(Saved data entries)
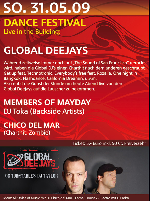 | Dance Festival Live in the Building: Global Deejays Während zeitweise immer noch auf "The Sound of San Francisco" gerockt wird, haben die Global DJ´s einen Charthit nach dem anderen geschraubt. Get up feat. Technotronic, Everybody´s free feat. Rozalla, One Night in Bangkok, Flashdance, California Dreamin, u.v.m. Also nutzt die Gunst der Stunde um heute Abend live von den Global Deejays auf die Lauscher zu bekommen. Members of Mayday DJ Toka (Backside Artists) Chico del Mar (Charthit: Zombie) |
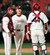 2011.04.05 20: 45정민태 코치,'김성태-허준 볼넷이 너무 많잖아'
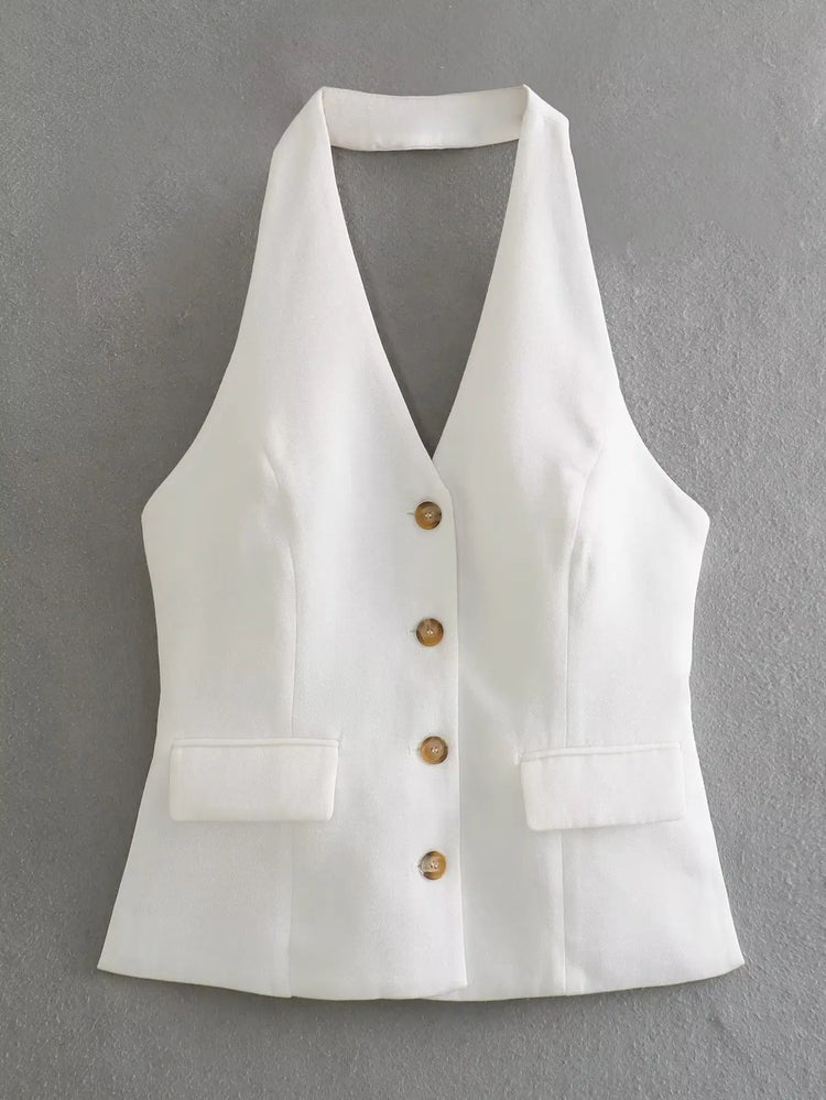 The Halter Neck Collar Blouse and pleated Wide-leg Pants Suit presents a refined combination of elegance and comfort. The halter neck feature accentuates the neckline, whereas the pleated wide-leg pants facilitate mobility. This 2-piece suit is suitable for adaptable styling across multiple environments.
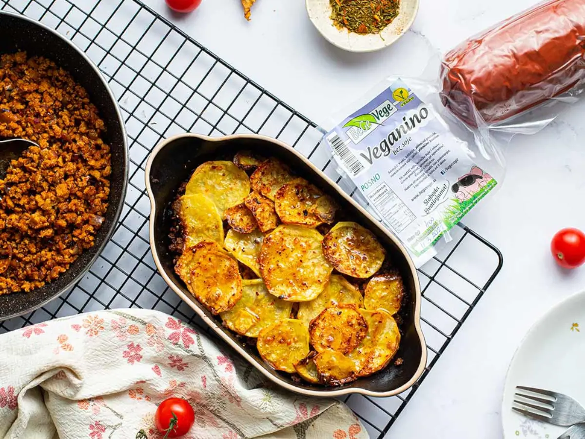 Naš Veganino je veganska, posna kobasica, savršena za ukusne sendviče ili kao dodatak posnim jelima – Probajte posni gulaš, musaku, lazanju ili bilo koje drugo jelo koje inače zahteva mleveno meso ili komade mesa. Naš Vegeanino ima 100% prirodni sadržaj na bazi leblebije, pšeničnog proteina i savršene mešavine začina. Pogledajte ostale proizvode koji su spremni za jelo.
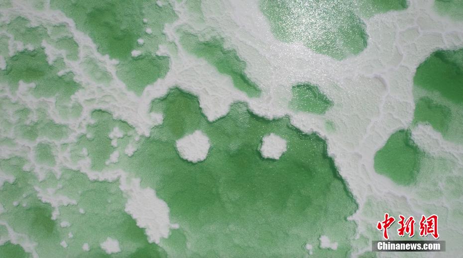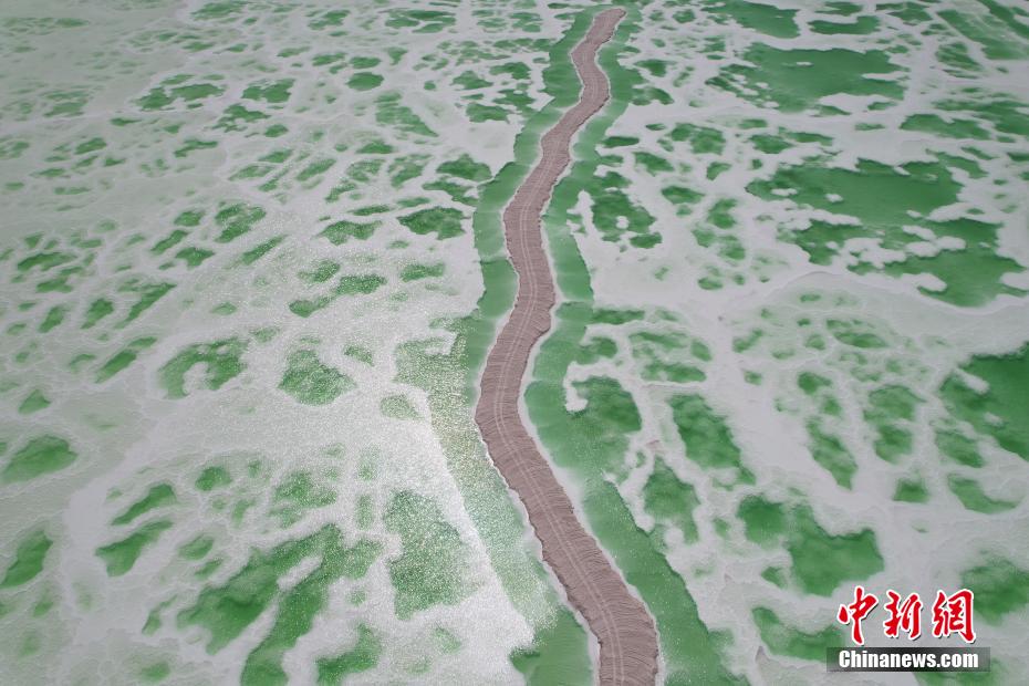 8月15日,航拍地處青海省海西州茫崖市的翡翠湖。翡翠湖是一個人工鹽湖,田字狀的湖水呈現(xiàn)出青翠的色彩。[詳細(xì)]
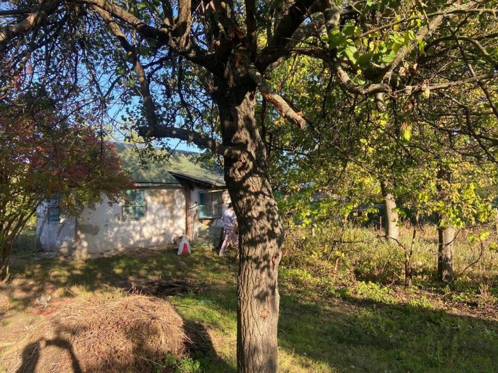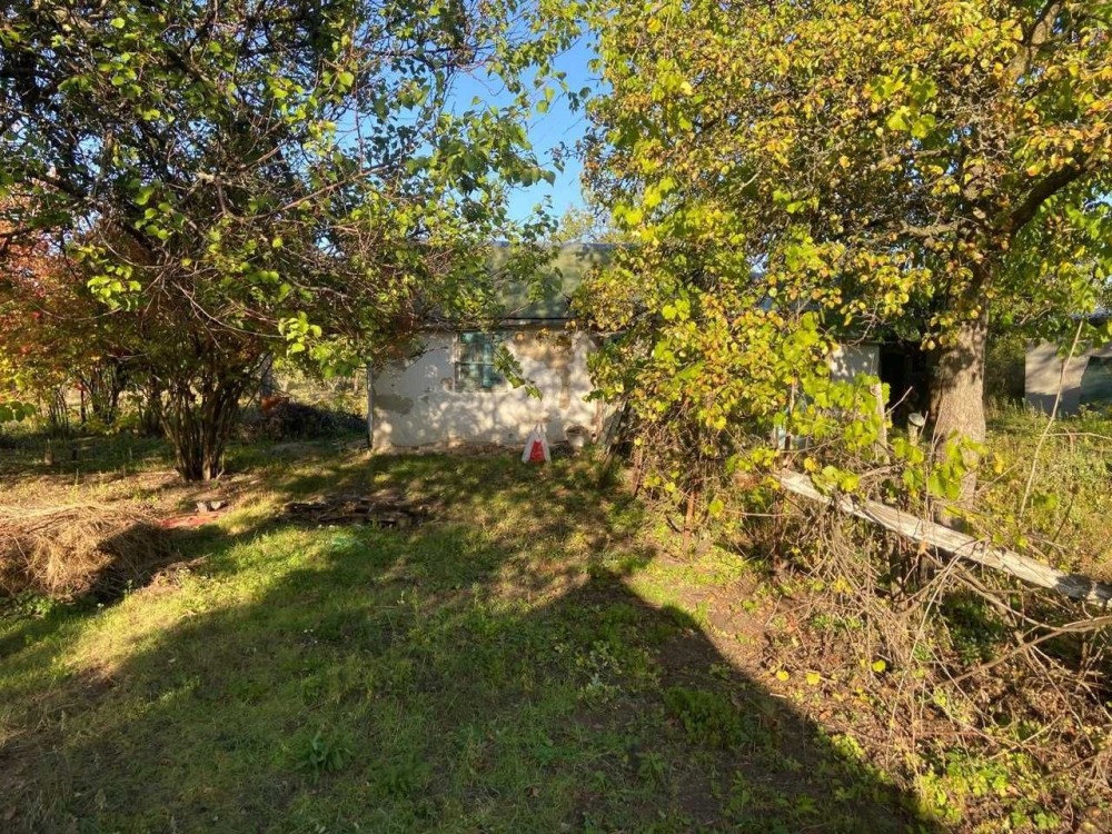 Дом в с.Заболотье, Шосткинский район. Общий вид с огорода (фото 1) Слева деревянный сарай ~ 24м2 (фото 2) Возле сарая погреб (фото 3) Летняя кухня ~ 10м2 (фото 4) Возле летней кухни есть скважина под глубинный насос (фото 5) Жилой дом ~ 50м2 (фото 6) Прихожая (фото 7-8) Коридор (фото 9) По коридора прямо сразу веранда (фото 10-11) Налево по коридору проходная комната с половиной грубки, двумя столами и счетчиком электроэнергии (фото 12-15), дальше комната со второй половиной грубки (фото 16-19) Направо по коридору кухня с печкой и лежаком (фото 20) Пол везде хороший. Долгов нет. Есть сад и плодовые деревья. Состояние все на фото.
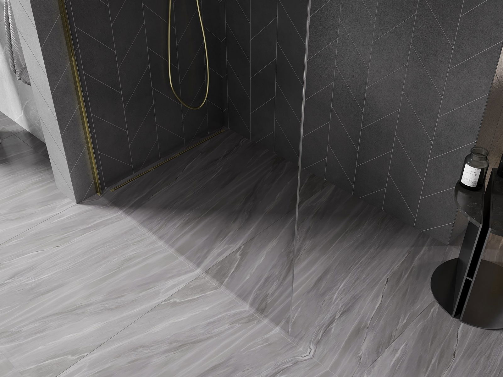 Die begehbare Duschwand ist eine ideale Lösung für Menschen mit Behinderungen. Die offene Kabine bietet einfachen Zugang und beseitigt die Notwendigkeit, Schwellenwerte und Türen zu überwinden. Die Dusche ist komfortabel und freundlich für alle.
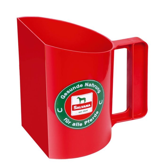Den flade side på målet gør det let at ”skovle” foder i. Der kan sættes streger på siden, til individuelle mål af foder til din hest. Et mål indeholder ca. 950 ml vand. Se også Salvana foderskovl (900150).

→ **ACTIVITY**
From the data above, return only the lines starting at the line that holds "8月15日,航拍地處青海省海" and ending at the line that holds "Дом в с.Заболотье, Шосткинский", word for word and without pictures.

→ **PROBLEM SOLUTION**
 8月15日,航拍地處青海省海西州茫崖市的翡翠湖。翡翠湖是一個人工鹽湖,田字狀的湖水呈現(xiàn)出青翠的色彩。[詳細(xì)]
 Дом в с.Заболотье, Шосткинский район. Общий вид с огорода (фото 1) Слева деревянный сарай ~ 24м2 (фото 2) Возле сарая погреб (фото 3) Летняя кухня ~ 10м2 (фото 4) Возле летней кухни есть скважина под глубинный насос (фото 5) Жилой дом ~ 50м2 (фото 6) Прихожая (фото 7-8) Коридор (фото 9) По коридора прямо сразу веранда (фото 10-11) Налево по коридору проходная комната с половиной грубки, двумя столами и счетчиком электроэнергии (фото 12-15), дальше комната со второй половиной грубки (фото 16-19) Направо по коридору кухня с печкой и лежаком (фото 20) Пол везде хороший. Долгов нет. Есть сад и плодовые деревья. Состояние все на фото.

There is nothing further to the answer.